What a bunch of bullshit.

Well, the killer was good. Good at exacting retribution on those who deserved it. Good in ways the Silver girl would never grow up to develop the reasoning powers to understand.

Which was too bad. Children understood things. Things adults could never seem to fathom.

Yes. The little girl was spooky.

So spooky that incriminating evidence might have been left behind. But only maybe.

Was it possible?

The emotion. It was awful. It made things cloudy.

Twenty-one victims.

Twenty the world was better off without.

The one exception rankled—but it was only five percent. Too much, but, mathematically speaking, it was a percentage that would go down as the body count went up.

Ten of these killings that had been ruled “natural.” Five remained unsolved.

The rest had been blamed on the wrong person.

Shocking, but helpful.

The losers who took a rap for something they didn’t do were bonus victims.

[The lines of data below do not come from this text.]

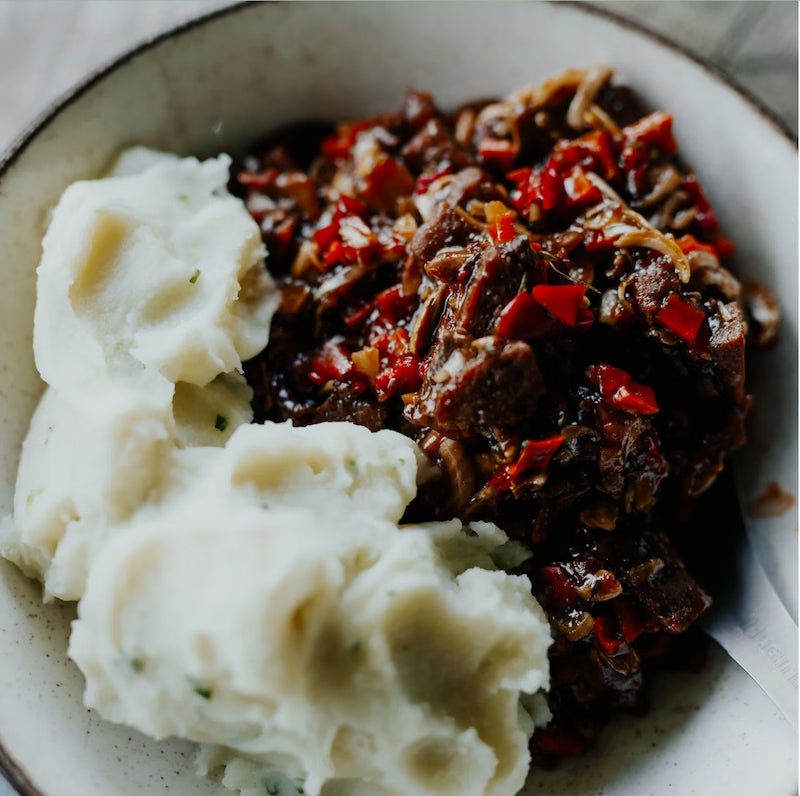 A rustic beef stew with aromatic vegetables, herbs and spices, finished with a densely flavoured dark and silky sauce. Gluten free.
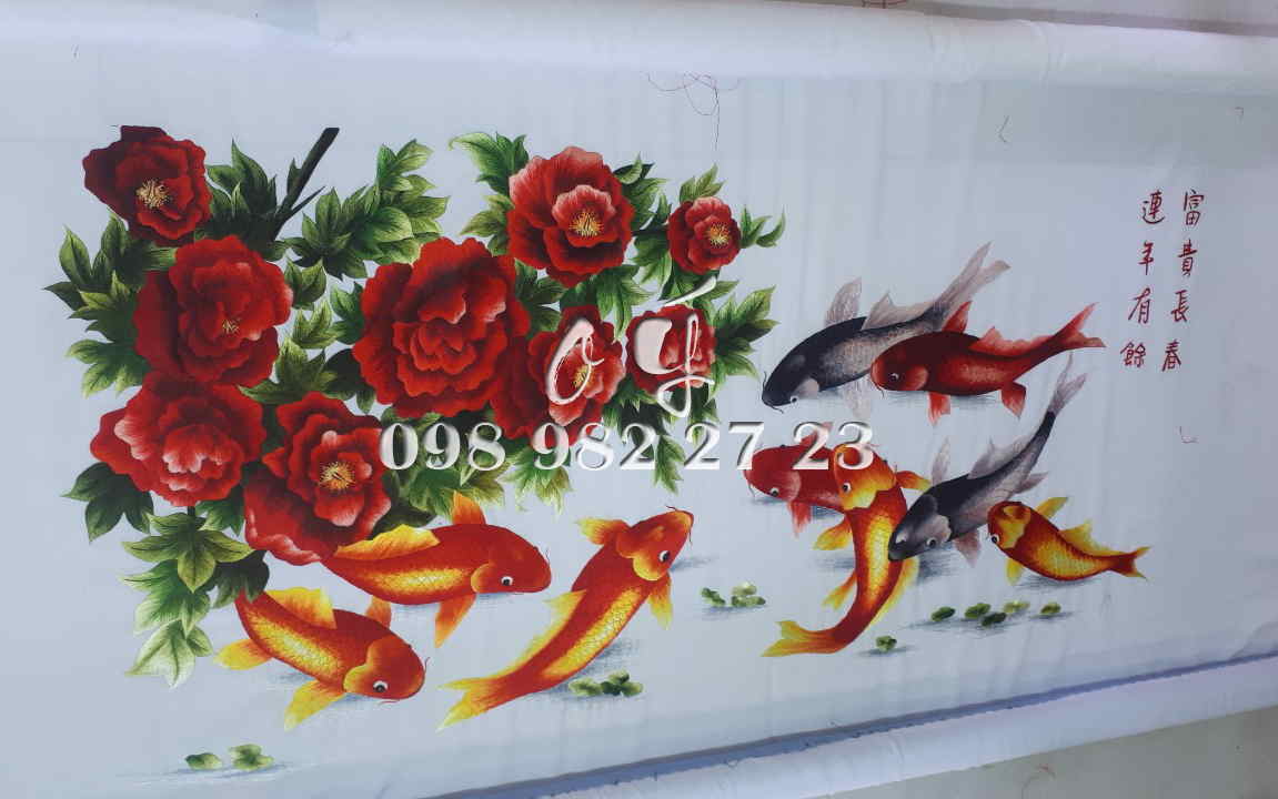 Đây là một trong những tác phẩm được rất nhiều người yêu thích. Bởi tác phẩm là sự kết hợp giữa những bông hoa mẫu đơn một loài hoa được ví cho sắc đẹp thanh cao quý phái. Cùng với đó là 9 chú cá chép mang đến tiền tài và vận may cho bạn.
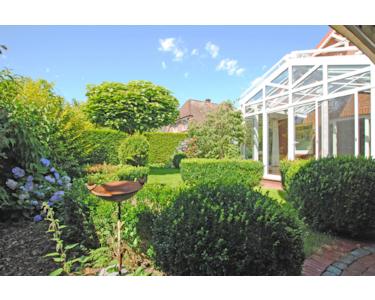Elegantes Einfamilienhaus in ruhiger Lage mit wunderschönem Garten! Diese sehr gepflegte Immobilie befindet sich in einem verkehrsberuhigten Wohngebiet in Henstedt-Ulzburg. Sie wurde 1995 in massiver Rotklinker-Bauweise architektonisch anspruchsvoll errichtet und überzeugt durch einen durchdachten und großzügigen Schnitt. Im Erdgeschoss (ca. 82m²) befinden sich das Wohnzimmer mit benachbartem Essbereich (insgesamt ca. 37m²) und Zutritt zum Wintergarten (ca. 25m²), die Wohnküche, der Flur mit Garderobennische sowie ein Gäste-Duschbad. Die helle Küche wurde 2016 mit hochwertigen Geräten ausgestattet (6-Platten-Ceranfeld, Miele-Herd mit Pyrolyse) und bietet einen behaglichen kleinen Essplatz. Das Gästeduschbad wurde 2015 geschmackvoll modernisiert. Im lichtdurchfluteten Wintergarten schweift der Blick in den zauberhaft angelegten Garten - Pflanzen und Blumen säumen Weg, Rasen und zwei Terrassen, der üppige Bestand von Rhododendren, Büschen und Bäumen schafft natürliche Abgrenzungen. Die optimale Südwest-Ausrichtung profitiert von ganztägiger Sonne, eine elektrische Markise spendet dem Wintergarten im Sommer angenehmen Schatten. Der Wintergarten wurde 2008 errichtet und bietet hochwertigen Komfort durch die Wärmeschutzverglasung, eine Fußbodenheizung und elektrisch steuerbare Dachfenster.
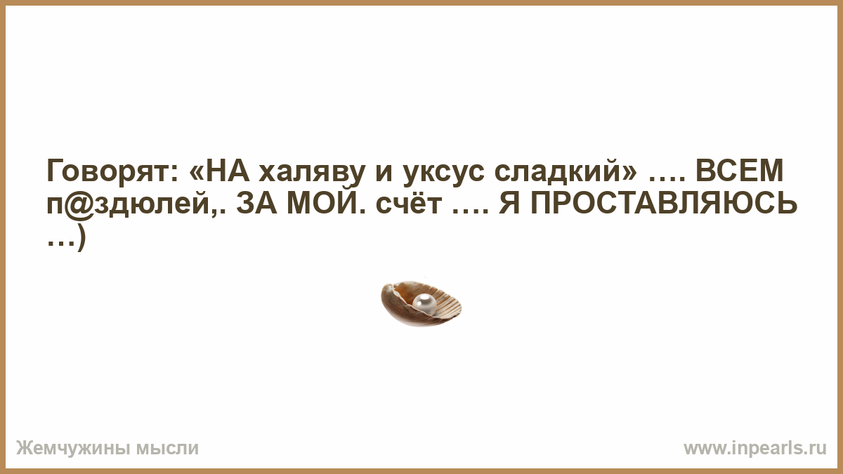 Говорят: «НА халяву и уксус сладкий» …. ВСЕМ п@здюлей,. ЗА МОЙ. счёт …. Я ПРОСТАВЛЯЮСЬ …)

Usually, they were not too much less deserving of their fates than the original victims. They were family members or business associates of the deceased, or drifters, or petty or serious criminals who happened to be too close to the action without an alibi. A handful of them were now behind bars for life. Two were awaiting execution—which, when it arrived, would be an especially delicious bonus.